На празднике велась съемка. Кадры того, как Имана бежала, чтобы закрыть его своим телом, в то лето облетели новостные каналы по всей планете. И, конечно, все, что последовало за ними – тоже. Теоретически Глухов мог избежать распространения нежелательных записей, но сначала ему было совершенно не до них, а потом стало поздно – репортаж местного телевидения перепостили, кажется, все на свете. С тех пор история их любви, обросшая совершенно идиотскими подробностями, превратилась в миф. А каждый совместный выход становился событием отнюдь не регионального масштаба. Рейтинг Глухова подскочил до небес, и с каждым годом только увеличивался. Имана шутила, что ради такой пиар-кампании можно было и умереть, а Глухов страшно ругал ее за эти шутки. Он бы отдал все на свете, чтобы им не пришлось переживать те страшные минуты, часы, дни, которые Имана провела между жизнью и смертью. А он ничего не мог сделать.
Цена, которую ей пришлось заплатить за то, чтобы помочь ему навести порядок в крае, оказалась слишком высокой. Да, благодаря задержанному преступнику им удалось распутать довольно сложную схему, по которой за бугор вывозился лес, и кое-что более интересное. Но если бы не Волк, сиганувший в момент выстрела на спину нападавшего, тот бы мог запросто уйти! Местный лесник, не без помощи которого лес здесь валился так, что только щепки летели, знал тайгу как свои пять пальцев и умел замести следы. А еще он понимал, как пройти через кордоны охраны с оружием. Учитывая, что программа праздника предполагала состязания лучников, не зря именно лук был выбран орудием убийства. На самом деле простой лесник спланировал все гораздо лучше начбеза губернатора. К этому покушению последний не имел никакого отношения. Люди, которым Бутов все эти годы помогал, слили его, как только того арестовали. И дальше действовали в одиночку. До тех пор, пока их не выловили. На это у Германа с Мериновым ушло долгих три года. Три долгих года у него забрала месть, да. Наказание всех виновных и наведение порядка в крае. А ведь и непосредственных обязанностей с Германа никто не снимал. Порой он так уставал, что только мысли о жене и спасали. С другой стороны, а о ком еще ему было думать? Детей-то им бог не давал… Год даром, два, три. И тут он тоже себя винил. Ее же били… С его молчаливого согласия били. Когда он, придурок, решил, что это Иману по его душу послали. И хоть тому, что это как-то повлияло на ее репродуктивную функцию, не было никаких подтверждений, Германа ничто не смогло убедить в обратном. Он ненавидел себя, да… Он не мог отыскать в себе прощения, сколько ни пытался. Поначалу казалось, вот сейчас они выловят всех плохих парней, накажут виновных, и станет легче. Но когда состоялся последний суд, стало только хуже. Глухов начал задаваться вопросом – если Алтанай знал, какая незавидная судьба ждет его внучку рядом с ним, почему доверил ему свое самое главное сокровище?

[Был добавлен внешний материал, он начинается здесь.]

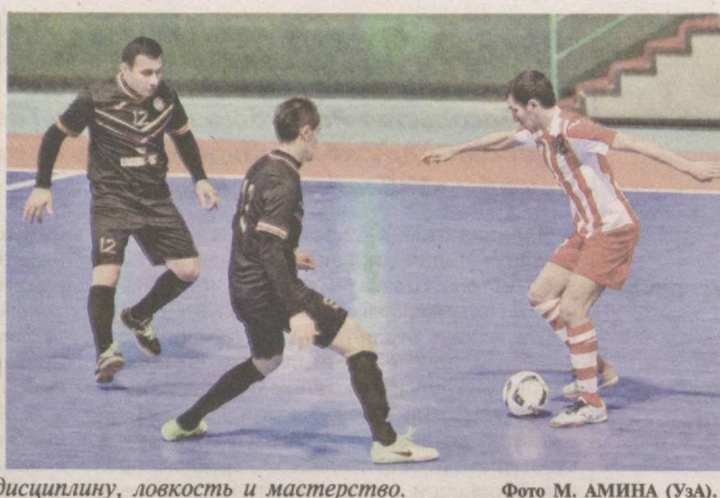
Различные виды спорта формируют дисциплину, ловкость и мастерство.
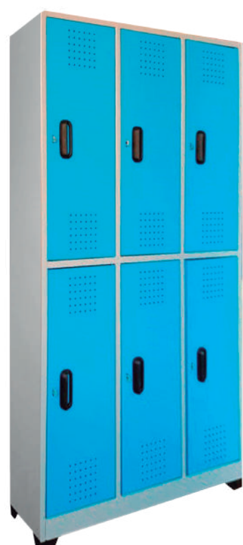
▶ Locker 6 puestos Horizontal
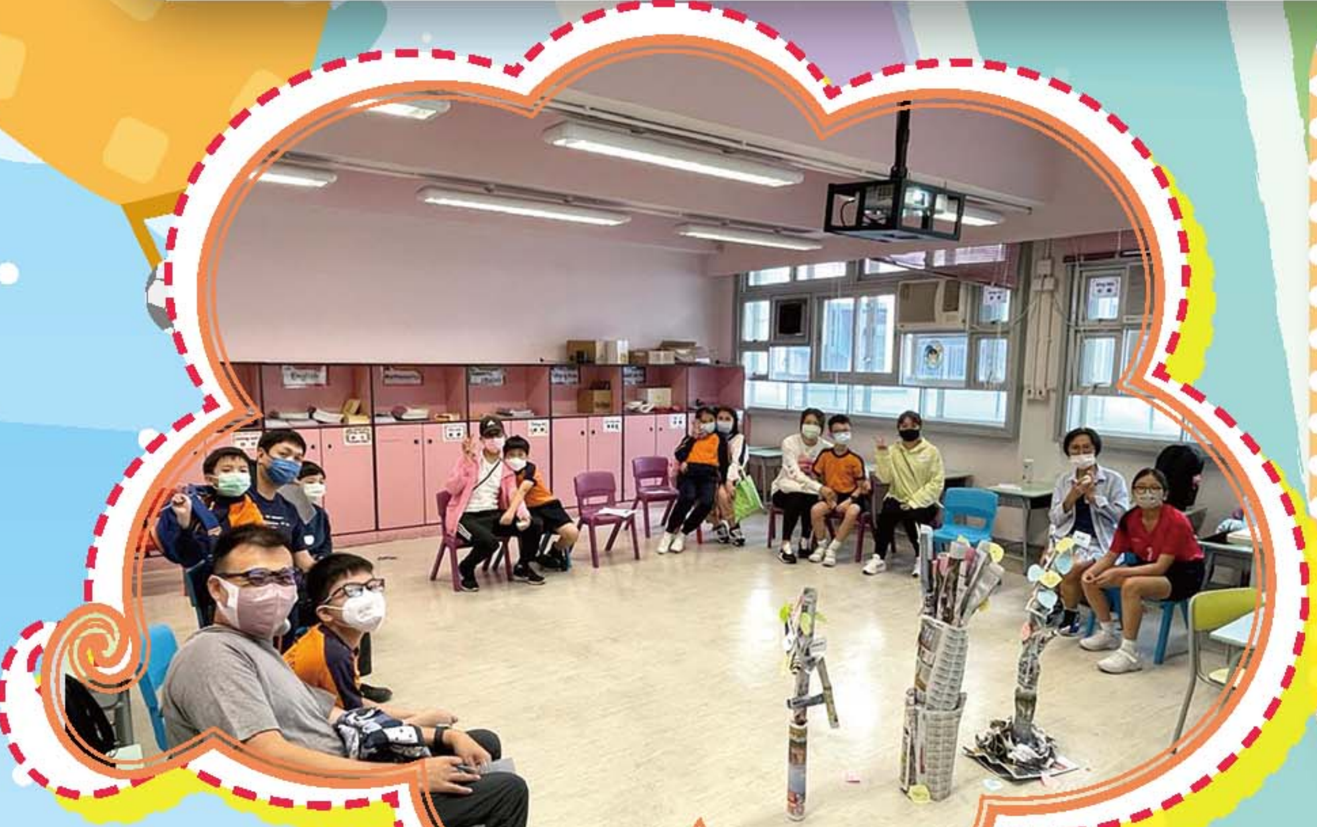
親子活動，製作幸福家庭樹，寫下幸福元素，促進親子溝通。
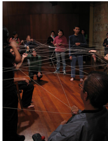
Imágenes del proceso formativo en artes visuales. Laboratorio Bogotá (2008). Archivo particular, Colectivo Otro. Derechos de imagen cedidos al Ministerio de Cultura.
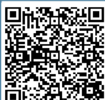
M11 - PowerPoint Italian
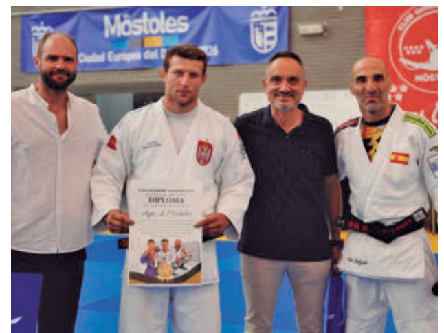
450 judocas en un entorno de alto nivel técnico y formativo

La celebración del Stage Judo Madrid 'Villa de Móstoles', organizado por la Asociación Judo Móstoles, en colaboración con el Ayuntamiento, a través de la concejalía de Deportes y Sanidad, consolida a Móstoles como Ciudad Europea del Deporte 2026.
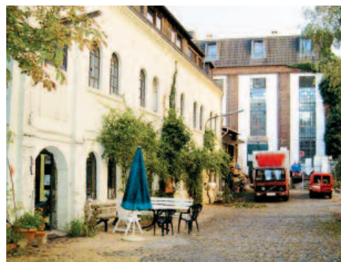
Wohngebäude des Vereins: Ein altes Fabrikgebäude wurde in Eigeninitiative umgebaut.
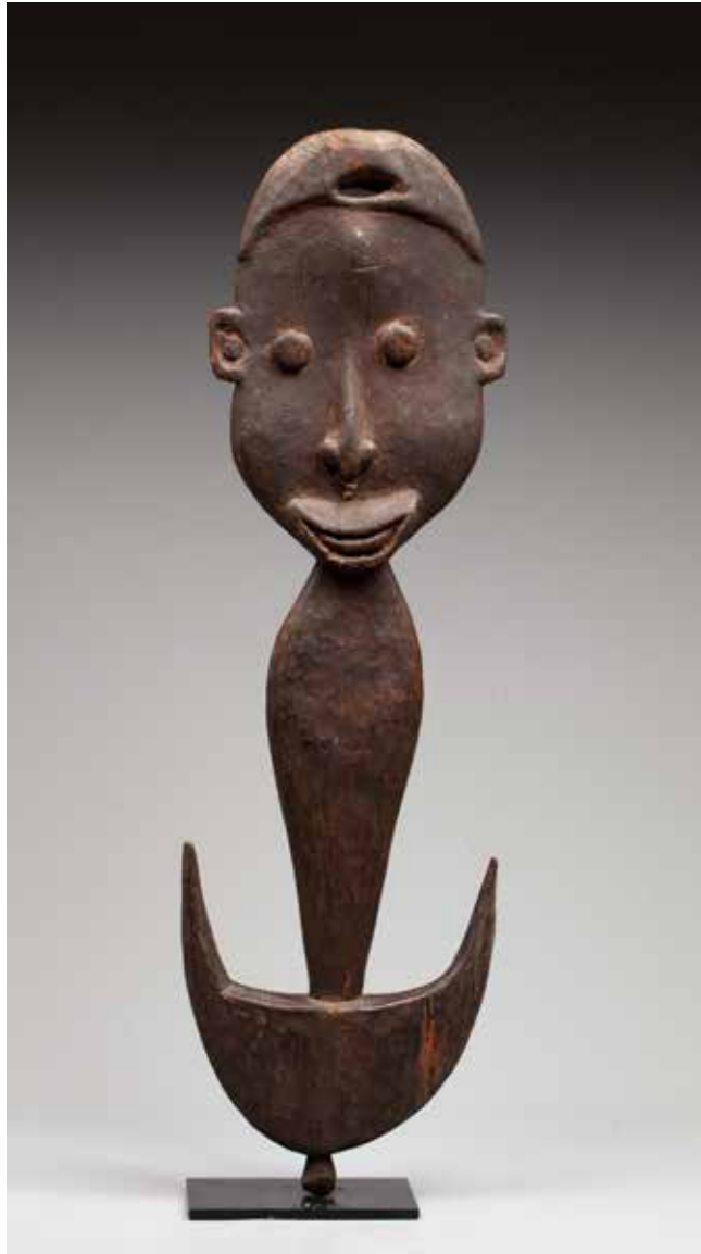
6 - Crochet cérémoniel présentant sur la partie haute une belle tête juvénile à l'expression enjouée et douce. Son nez est agrémenté d'un ornement en cordelette ; le regard est accentué par des petits yeux circulaires sculptés en relief. Bois dur avec ancienne patine d'usage brune et belles marques d'utilisation sur les crochets. Région du Moyen Sepik, Papouasie Nouvelle Guinée, fin XIXe - début du XXe siècle 71 x 21,5 cm Provenance ancienne collection Bonnefoy/Darcy Gallery NY années 1960-70 Exposé au musée d'ethnographie de Neuchâtel, Suisse du 27 juin au 31 décembre 1970 Vente Ader Picar Tajan Paris, 18 décembre 1990, lot 11 du catalogue Vente Christie's Paris, décembre 2003, lot. 54 du catalogue 4 000/6 000 €

И однажды Имана не выдержала и сказала то, что в какой-то момент взорвало его сознание:
– Невозможно одной рукой что-то созидать, а другой – рушить. Держась за прошлое, ты просто не позволяешь нашему будущему случиться.

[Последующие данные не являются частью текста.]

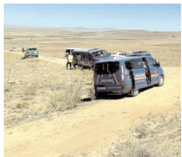
Hayvanların gölgelik alanda dinlendirilme sırası nedeniyle çıkan tartışmada 1 kişi yaralandı.
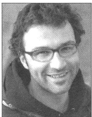
Von Angel Sanchez, Journalist und Fotograf

Mit dem heutigen technischen Stand lassen sich mit Photovoltaik, Warmwasserkollektoren, guter Isolation und Wärmepumpen ökologische Traumhäuser bauen. Damit ist das Limit aber längst nicht erreicht, wie ein Besuch bei der Familie Erni im Kanton Aargau zeigt. Sie produziert auf ihrem Dach mehr Energie, als sie verbraucht.
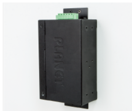
Side Wall Mounting (Space saving)
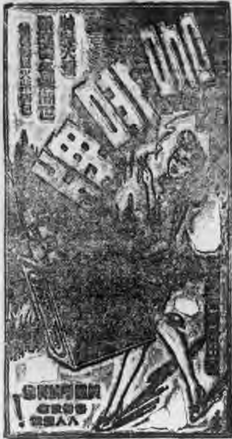
漢口總經理處(大舞合陽號)新成里三號
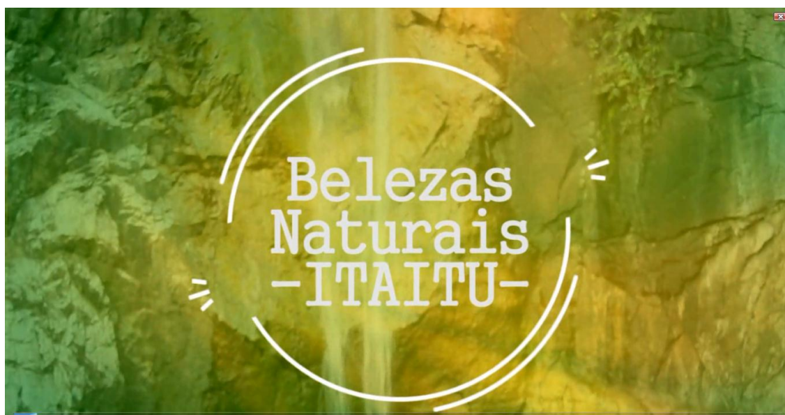
Figura 18 – Documentário “Belezas Naturais”

- Belezas naturais: Filme de 4'01", na trilha de acesso à cachoeira Vêu de Noiva e na própria cachoeira. Possui entrevista com o turista Marcelo Rocha – Figura 18.
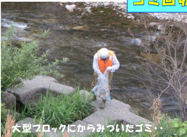
大型ブロックにからみついたゴミ・・
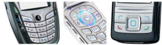
FIG. 3: Les touches ; le dénominateur commun des téléphones portables.

Dans le cas des interactions 3D, l'utilisation du clavier pose un problème dû au signal binaire qu'il fournit. Par exemple, dans le cas de la navigation, il est difficile de fixer la vitesse de déplacement lors de l'appui sur une touche. Néanmoins plusieurs stratégies ont été développées. Par exemple, la sélection d'un point à l'aide de touches
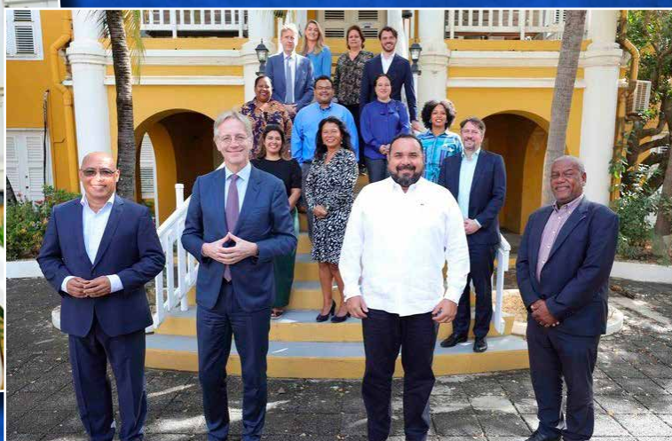
⬆ Minister Robbert Dijkgraaf (OCW) kwam niet alleen voor onderwijszaken, maar wilde ook spreken over het slavernijverleden.
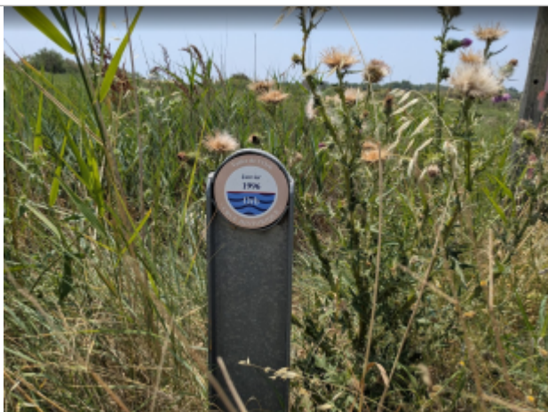
carrefour proche Cassafières
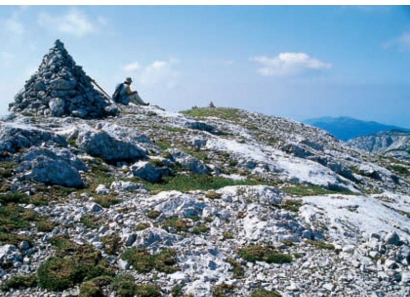
Poleti na Velikem vrhu nad Dleskovško planoto

Skozi pritake, vrata v ograjah, ki se sama zapirajo, teče tudi osrednja slovenska planinska pot. Do Kota, konca doline, se pot uro daleč blago vzpenja. Tam je Robanova planina (890 m), kjer lahko v poletnem kmečkem gostišču použijete še dobrote, ki jih tu pridelajo, zlasti nebeško dobro kislo mleko, ajdove žgance z ocvirki in domač kruh.

Глухов выходит на веранду. Одуряюще пахнет смолой, мхом и грибами. Грибов в этом году так много, что они вчера за час набрали несколько ведер. Нажарили сковородку. А остальные засолили на зиму. Казалось бы, ну и что в этом такого? А Герман каждый момент их жизни помнит и ценит. Он может отмотать назад ленту памяти и в деталях воспроизвести каждую минуту рядом со своей девочкой. Нет, каждую секунду, проведенную с ней… Глухов очень старается помнить только хорошее. И только сны иногда опрокидывают его в кошмар.

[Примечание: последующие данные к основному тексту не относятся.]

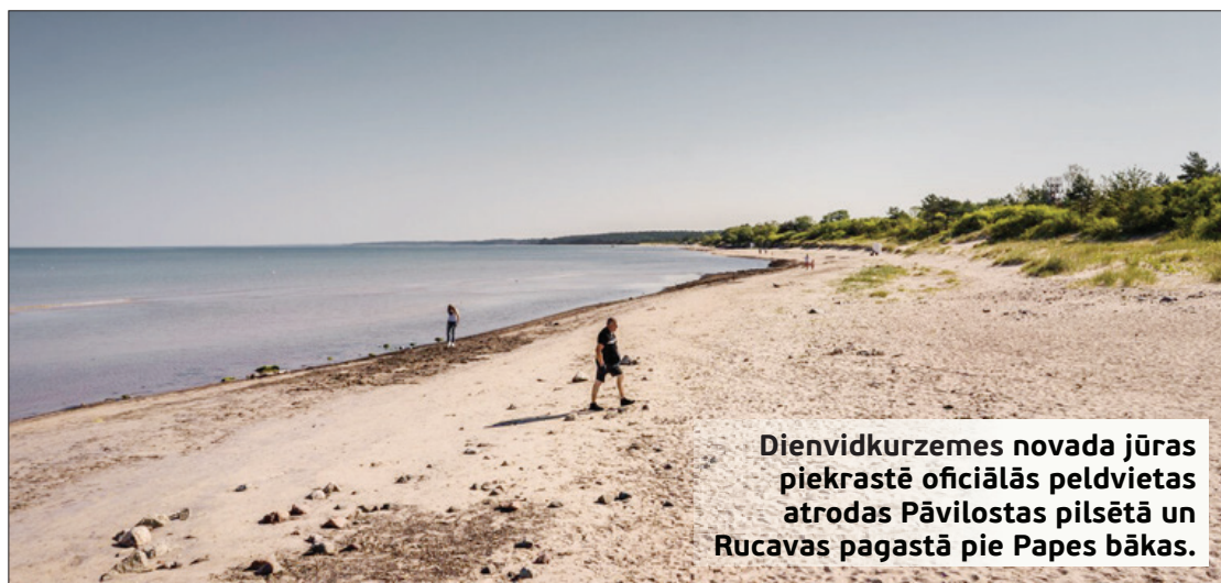
Dienvidkurzemes novada jūras piekrastē oficiālās peldvietas atrodas Pāvilostas pilsētā un Rucavas pagastā pie Papes bākas.

Vasara nav iedomājama bez atspirdzinošām peldēm. Par drošu peldēšanās vietu var uzskatīt tikai oficiālu peldvietu.
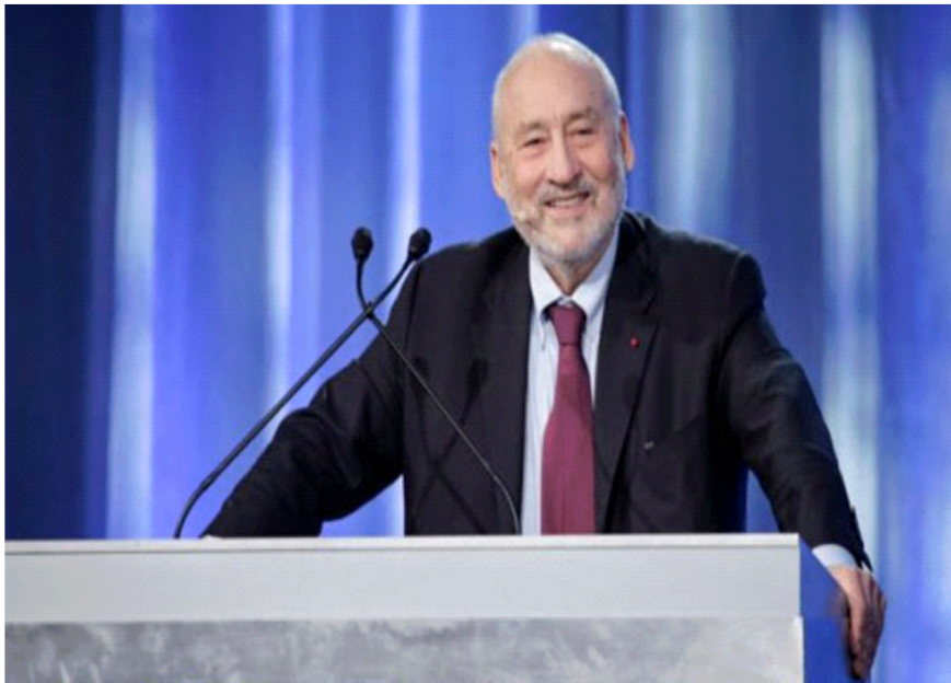
Joseph Stiglitz - Premio Nobel de Economía

"As cooperativas xogarán un papel moi importante na próxima década, como a única alternativa ao modelo económico fundado no egoísmo que fomenta as desigualdades".
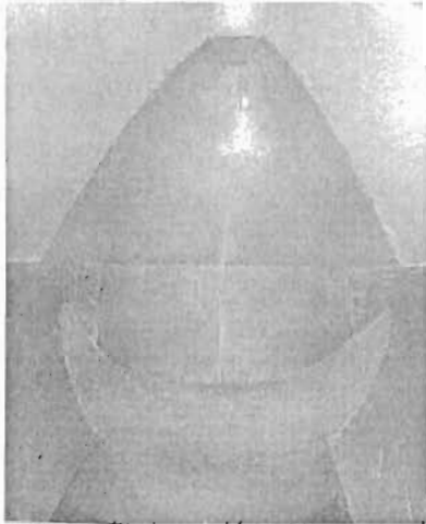
Denominación: "Virgen de Copacabana" Autor: Luis Zilveti Calderón Técnica- Material: Óleo / Tela Época: Siglo XX Mediadas: 75 x 92 cms.
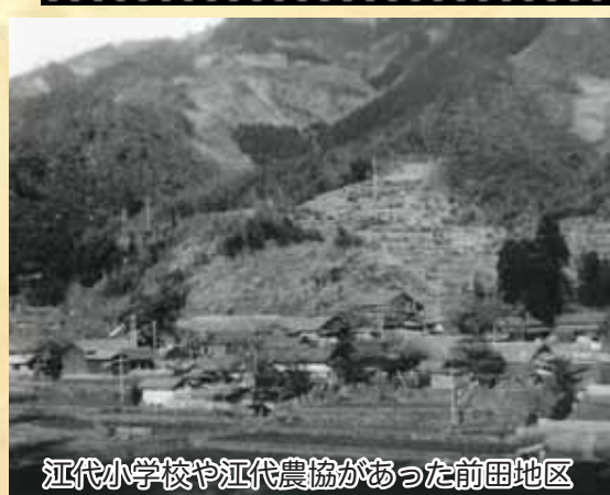
江代小学校や江代農協があった前田地区

昭和35年に市房ダムが完成して、江代、湯山の一部約200世帯の住民が苦渋の選択を迫られこの地を離れ、各々の別天地を求めて離れ離れとなり、多くの軌跡を乗り越えて約60年の月日が流れようとしています。今回はダムの建設によって、江代小学校や江代農協などが水没した前田地区（現在、八幡神社があるところ附近）の写真を紹介いたします。
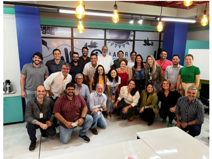
Participação e promoção de eventos de capacitação em inovação e empreendedorismo para a comunidade acadêmica da UFPB
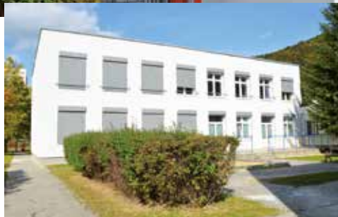
Budova Materskej školy po rekonštrukcii

Тряхнув головой, Герман идет к вольеру, который пришлось значительно расширить вглубь леса, когда Имана случайно нашла в лесу двух оголодавших волчат. Их мать, похоже, пристрелили браконьеры. Его жена не смогла пройти мимо беды зверей. Теперь у них целый зоопарк, о котором как-то очень быстро прознали местные и стали свозить им всех покалеченных и убогих. Глухов не против. Глухову что? Лишь бы Имана не скучала, когда он занят, а с таким хозяйством заскучать сложно.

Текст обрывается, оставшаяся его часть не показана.